TASK INSTRUCTIONS: Return only the lines of the data below from the line with "(通讯员 沈马锐)11月1日" up to and including the line with "キャビネットは、ダイニングで", exactly as written, with the pictures omitted.

RECORDED DATA:
--- --- ---
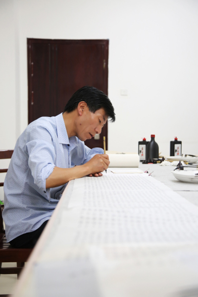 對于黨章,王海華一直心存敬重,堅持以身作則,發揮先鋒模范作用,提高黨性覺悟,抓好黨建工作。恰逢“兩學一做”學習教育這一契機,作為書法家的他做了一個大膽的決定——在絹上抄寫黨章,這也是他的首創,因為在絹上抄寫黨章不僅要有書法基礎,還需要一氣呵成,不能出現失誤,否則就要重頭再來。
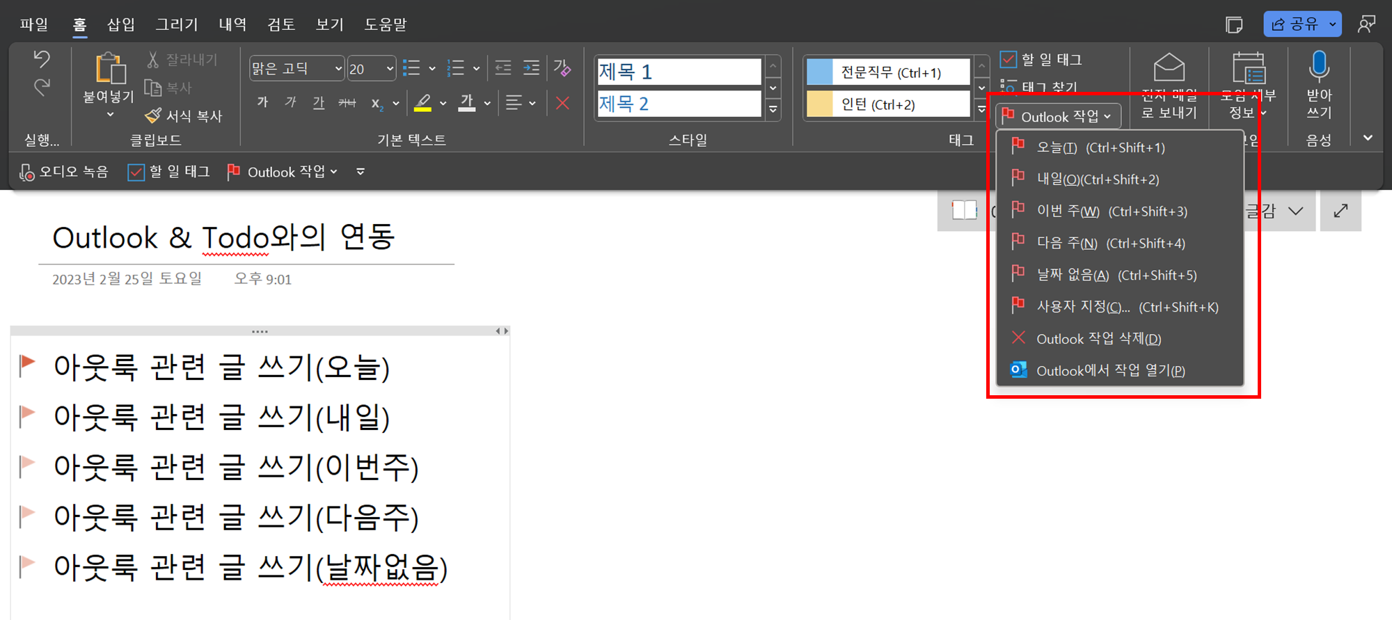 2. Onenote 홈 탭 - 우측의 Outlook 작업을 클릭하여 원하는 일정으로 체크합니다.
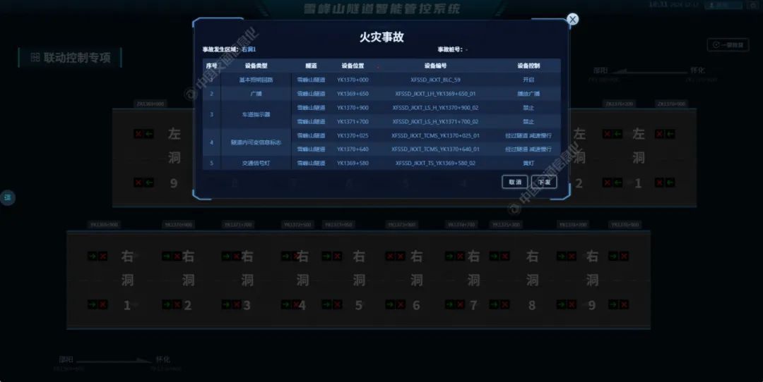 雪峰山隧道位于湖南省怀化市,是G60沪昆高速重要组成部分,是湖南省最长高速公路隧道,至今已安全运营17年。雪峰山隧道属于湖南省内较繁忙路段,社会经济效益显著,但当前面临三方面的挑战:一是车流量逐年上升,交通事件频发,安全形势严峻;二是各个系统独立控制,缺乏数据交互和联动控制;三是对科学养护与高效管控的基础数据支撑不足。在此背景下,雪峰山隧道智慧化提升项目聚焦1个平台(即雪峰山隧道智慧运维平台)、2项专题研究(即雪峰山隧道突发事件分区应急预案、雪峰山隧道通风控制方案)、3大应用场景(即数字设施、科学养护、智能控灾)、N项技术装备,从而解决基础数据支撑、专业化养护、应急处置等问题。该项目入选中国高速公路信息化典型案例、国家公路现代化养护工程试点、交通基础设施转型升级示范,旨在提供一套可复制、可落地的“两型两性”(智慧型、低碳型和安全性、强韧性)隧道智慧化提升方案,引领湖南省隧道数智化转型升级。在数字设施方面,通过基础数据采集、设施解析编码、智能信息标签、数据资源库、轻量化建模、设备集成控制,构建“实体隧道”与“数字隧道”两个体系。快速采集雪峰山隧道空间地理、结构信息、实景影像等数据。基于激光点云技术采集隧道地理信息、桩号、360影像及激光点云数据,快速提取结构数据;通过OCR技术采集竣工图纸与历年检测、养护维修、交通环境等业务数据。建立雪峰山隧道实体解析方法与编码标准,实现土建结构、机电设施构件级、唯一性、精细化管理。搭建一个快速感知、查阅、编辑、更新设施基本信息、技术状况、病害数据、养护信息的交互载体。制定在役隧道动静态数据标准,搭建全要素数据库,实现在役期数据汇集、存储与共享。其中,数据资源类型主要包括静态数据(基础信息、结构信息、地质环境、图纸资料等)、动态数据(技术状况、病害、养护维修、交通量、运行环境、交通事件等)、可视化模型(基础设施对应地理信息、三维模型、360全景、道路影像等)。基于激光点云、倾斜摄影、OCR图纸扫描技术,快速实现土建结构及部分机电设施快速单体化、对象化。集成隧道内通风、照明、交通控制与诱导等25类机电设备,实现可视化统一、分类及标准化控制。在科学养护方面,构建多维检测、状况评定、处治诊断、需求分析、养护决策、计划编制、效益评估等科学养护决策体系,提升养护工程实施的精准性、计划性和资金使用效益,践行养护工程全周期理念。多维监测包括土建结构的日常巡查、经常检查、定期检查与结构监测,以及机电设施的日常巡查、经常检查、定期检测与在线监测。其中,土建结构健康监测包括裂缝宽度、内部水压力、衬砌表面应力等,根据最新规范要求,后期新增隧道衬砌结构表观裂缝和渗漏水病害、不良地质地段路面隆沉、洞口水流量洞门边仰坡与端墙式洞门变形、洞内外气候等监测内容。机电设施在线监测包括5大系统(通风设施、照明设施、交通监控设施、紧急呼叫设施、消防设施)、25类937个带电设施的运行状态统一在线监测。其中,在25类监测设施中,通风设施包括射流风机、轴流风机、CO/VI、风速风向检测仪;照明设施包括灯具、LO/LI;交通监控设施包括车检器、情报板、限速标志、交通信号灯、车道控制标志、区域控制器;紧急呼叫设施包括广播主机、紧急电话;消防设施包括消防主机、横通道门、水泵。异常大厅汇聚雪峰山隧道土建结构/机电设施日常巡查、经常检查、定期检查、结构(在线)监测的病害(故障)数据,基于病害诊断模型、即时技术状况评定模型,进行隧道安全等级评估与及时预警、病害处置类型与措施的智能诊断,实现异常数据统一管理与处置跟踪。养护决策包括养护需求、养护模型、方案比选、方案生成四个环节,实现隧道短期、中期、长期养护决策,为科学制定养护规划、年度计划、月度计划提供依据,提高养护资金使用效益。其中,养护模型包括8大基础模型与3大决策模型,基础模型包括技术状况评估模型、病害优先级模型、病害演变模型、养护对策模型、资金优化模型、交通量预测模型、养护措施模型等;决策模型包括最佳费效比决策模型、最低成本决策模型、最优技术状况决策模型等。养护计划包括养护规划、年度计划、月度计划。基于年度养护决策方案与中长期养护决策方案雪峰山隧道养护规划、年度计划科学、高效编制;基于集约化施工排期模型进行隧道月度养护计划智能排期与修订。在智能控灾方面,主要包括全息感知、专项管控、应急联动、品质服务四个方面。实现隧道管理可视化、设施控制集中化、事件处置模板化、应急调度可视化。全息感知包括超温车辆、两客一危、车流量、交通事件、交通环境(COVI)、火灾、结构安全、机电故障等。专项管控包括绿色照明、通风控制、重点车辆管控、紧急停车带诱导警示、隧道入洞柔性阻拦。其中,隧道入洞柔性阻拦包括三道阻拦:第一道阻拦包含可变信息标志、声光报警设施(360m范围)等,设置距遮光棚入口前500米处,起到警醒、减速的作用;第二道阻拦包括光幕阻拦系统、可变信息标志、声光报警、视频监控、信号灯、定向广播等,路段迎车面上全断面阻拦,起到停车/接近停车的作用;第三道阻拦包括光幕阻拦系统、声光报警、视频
--- --- ---
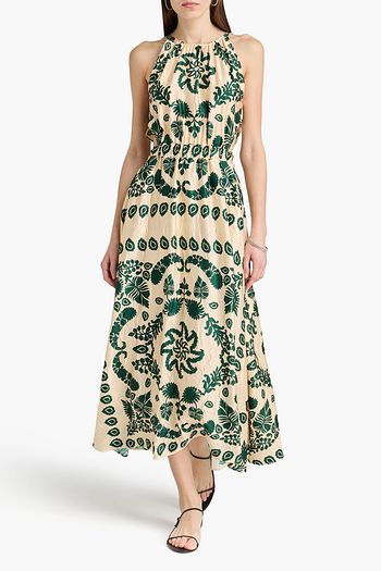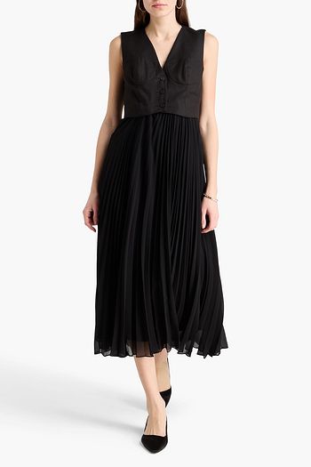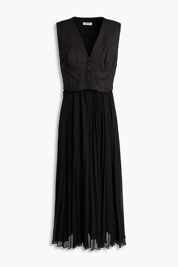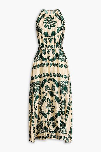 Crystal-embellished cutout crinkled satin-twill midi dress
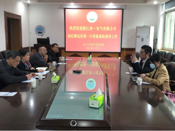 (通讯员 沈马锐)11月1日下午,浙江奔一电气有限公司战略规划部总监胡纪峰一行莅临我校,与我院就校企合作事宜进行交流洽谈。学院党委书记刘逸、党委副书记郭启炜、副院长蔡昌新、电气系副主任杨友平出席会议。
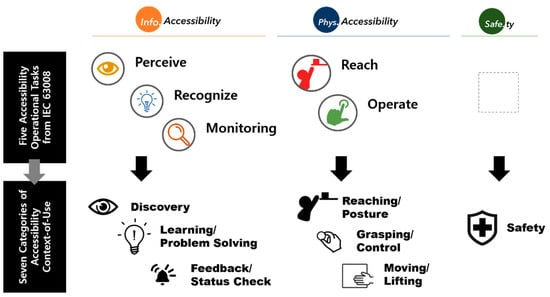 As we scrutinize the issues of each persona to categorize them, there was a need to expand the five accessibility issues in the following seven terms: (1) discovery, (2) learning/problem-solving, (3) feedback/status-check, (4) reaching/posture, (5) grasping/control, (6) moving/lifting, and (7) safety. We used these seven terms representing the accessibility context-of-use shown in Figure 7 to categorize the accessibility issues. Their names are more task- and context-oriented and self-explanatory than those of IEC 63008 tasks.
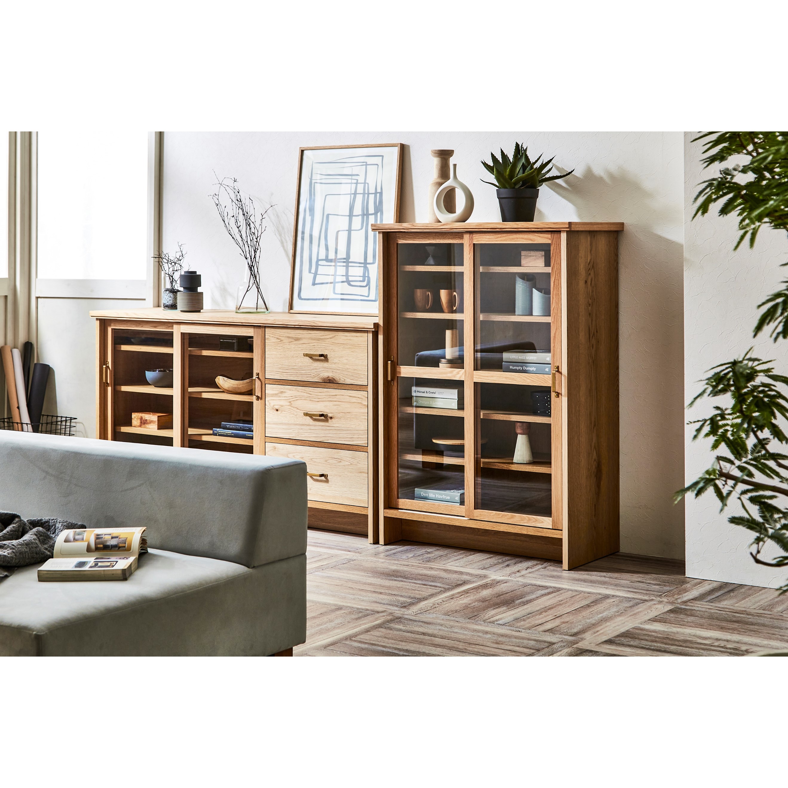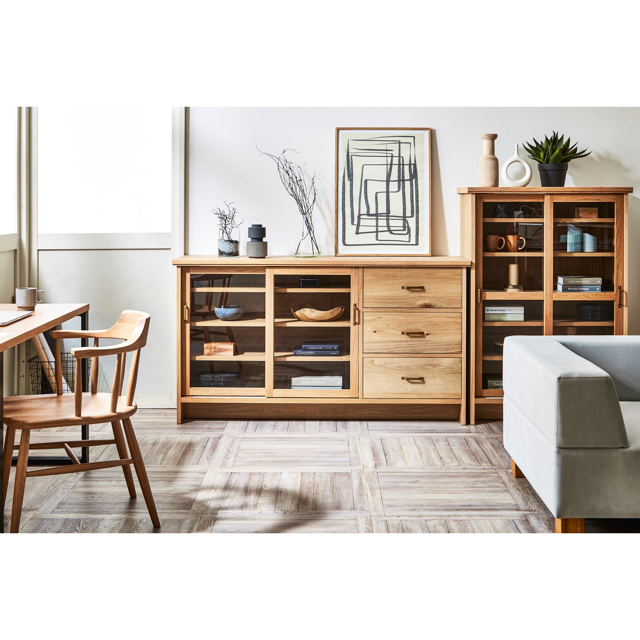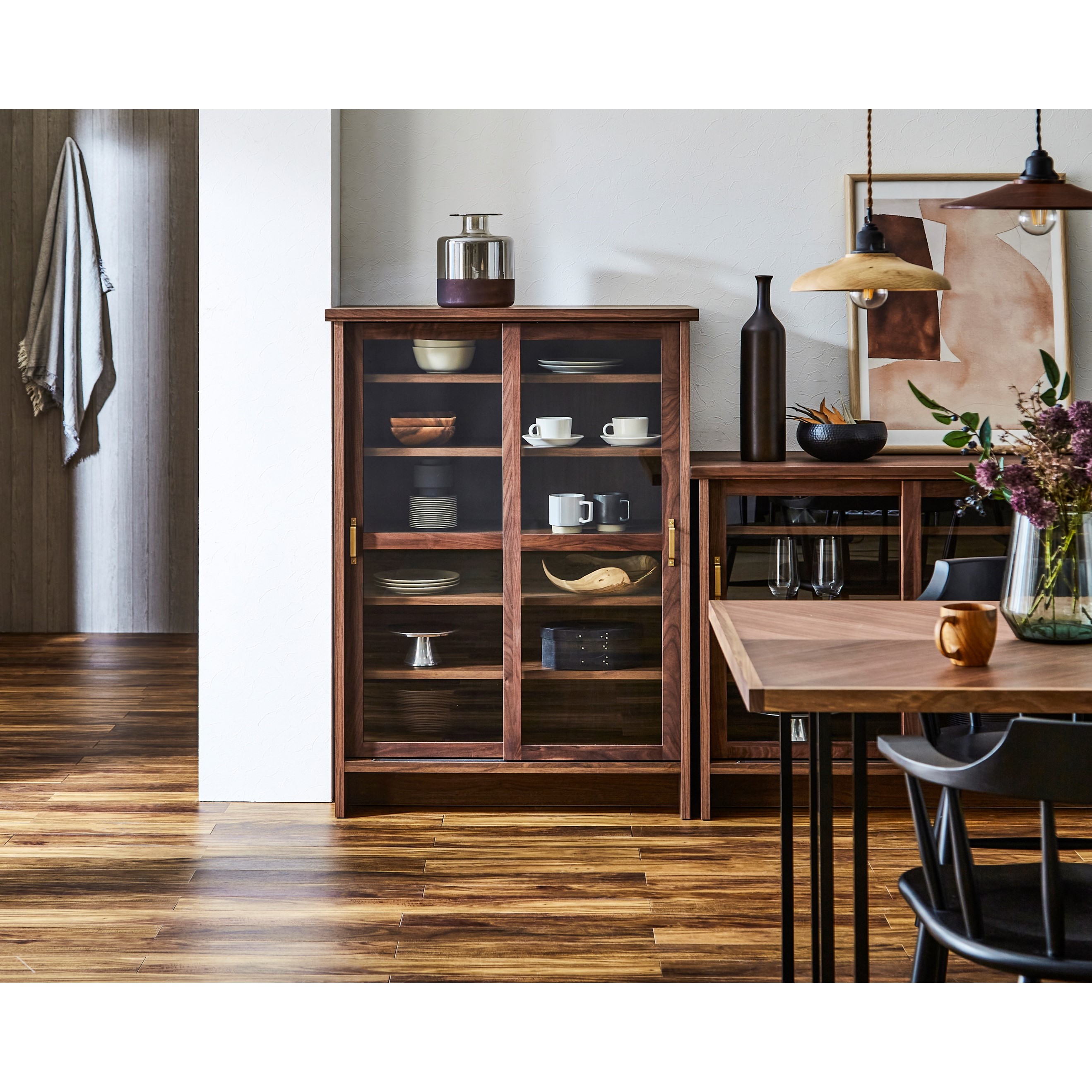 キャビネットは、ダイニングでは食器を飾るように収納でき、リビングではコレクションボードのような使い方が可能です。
--- --- ---
SOLUTION TO THIS TASK:
 (通讯员 沈马锐)11月1日下午,浙江奔一电气有限公司战略规划部总监胡纪峰一行莅临我校,与我院就校企合作事宜进行交流洽谈。学院党委书记刘逸、党委副书记郭启炜、副院长蔡昌新、电气系副主任杨友平出席会议。
 As we scrutinize the issues of each persona to categorize them, there was a need to expand the five accessibility issues in the following seven terms: (1) discovery, (2) learning/problem-solving, (3) feedback/status-check, (4) reaching/posture, (5) grasping/control, (6) moving/lifting, and (7) safety. We used these seven terms representing the accessibility context-of-use shown in Figure 7 to categorize the accessibility issues. Their names are more task- and context-oriented and self-explanatory than those of IEC 63008 tasks.
 キャビネットは、ダイニングでは食器を飾るように収納でき、リビングではコレクションボードのような使い方が可能です。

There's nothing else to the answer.